Provided that nothing contained in this section shall empower the Assessing Officer either to reassess under section 147 or pass an order enhancing the assessment or reducing a refund already made or otherwise increasing the liability of the assessee under section 154, for any assessment year beginning on or before the 1st day of April, 2001.

8D. (1) Where the Assessing Officer, having regard to the accounts of the assessee of a previous year, is not satisfied with—

a) the correctness of the claim of expenditure made by the assessee; or

b) the claim made by the assessee that no expenditure has been incurred, in relation to income which does not form part of the total income under the Act for such previous year, he shall determine the amount of expenditure in relation to such income in accordance with the provisions of sub-rule (2).

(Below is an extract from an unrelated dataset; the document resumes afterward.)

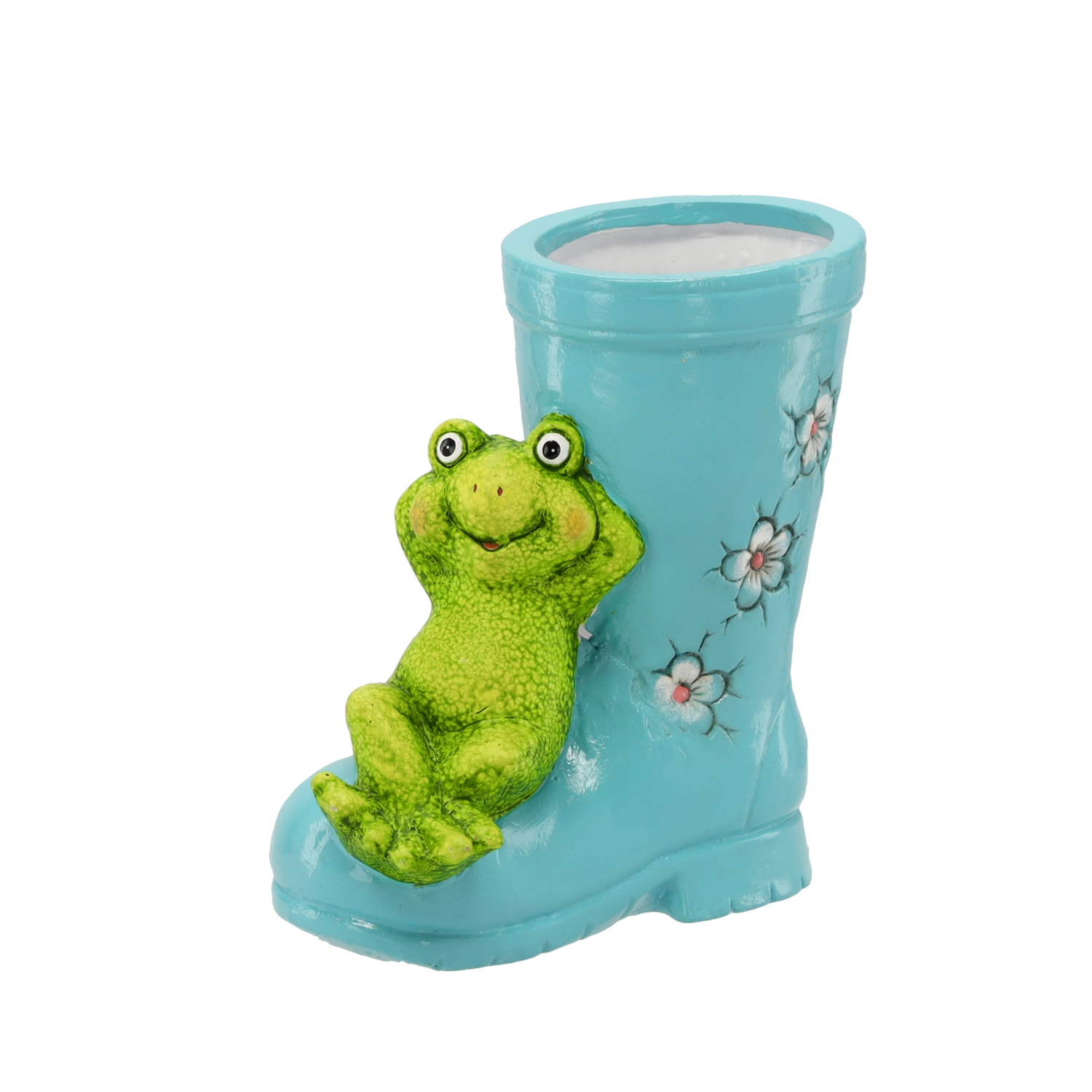 Dieser Design-Blumentopf in Form eines Stiefels mit Frosch belebt mühelos jede Ecke. Ideal für Kräuter, Sukkulenten und kleine Blumen; dank seiner kompakten Maße lässt er sich auf der Fensterbank, auf Stufen, auf dem Terrassentisch oder am Balkongeländer platzieren.

(2) The expenditure in relation to income which does not form part of the total income shall be the aggregate of following amounts, namely:—

i) the amount of expenditure directly relating to income which does not form part of total income; and

ii) an amount equal to one per cent of the annual average of the monthly average of the opening and closing balances of the value of investment, income from which does not or shall not form part of total income.

Provided that the amount referred to in clause (i) and clause (ii) shall not exceed the total expenditure claimed by the assessee."

ISSUE 1: IN RELATION TO INCOME

Illustration 1: In Doypack Systems Pvt Ltd v. Union of India: AIR 1988 SC 782, the Supreme Court observed that the expressions "pertaining to", "in relation to" and "arising out of", used in the deeming provision, are used in the expansive sense.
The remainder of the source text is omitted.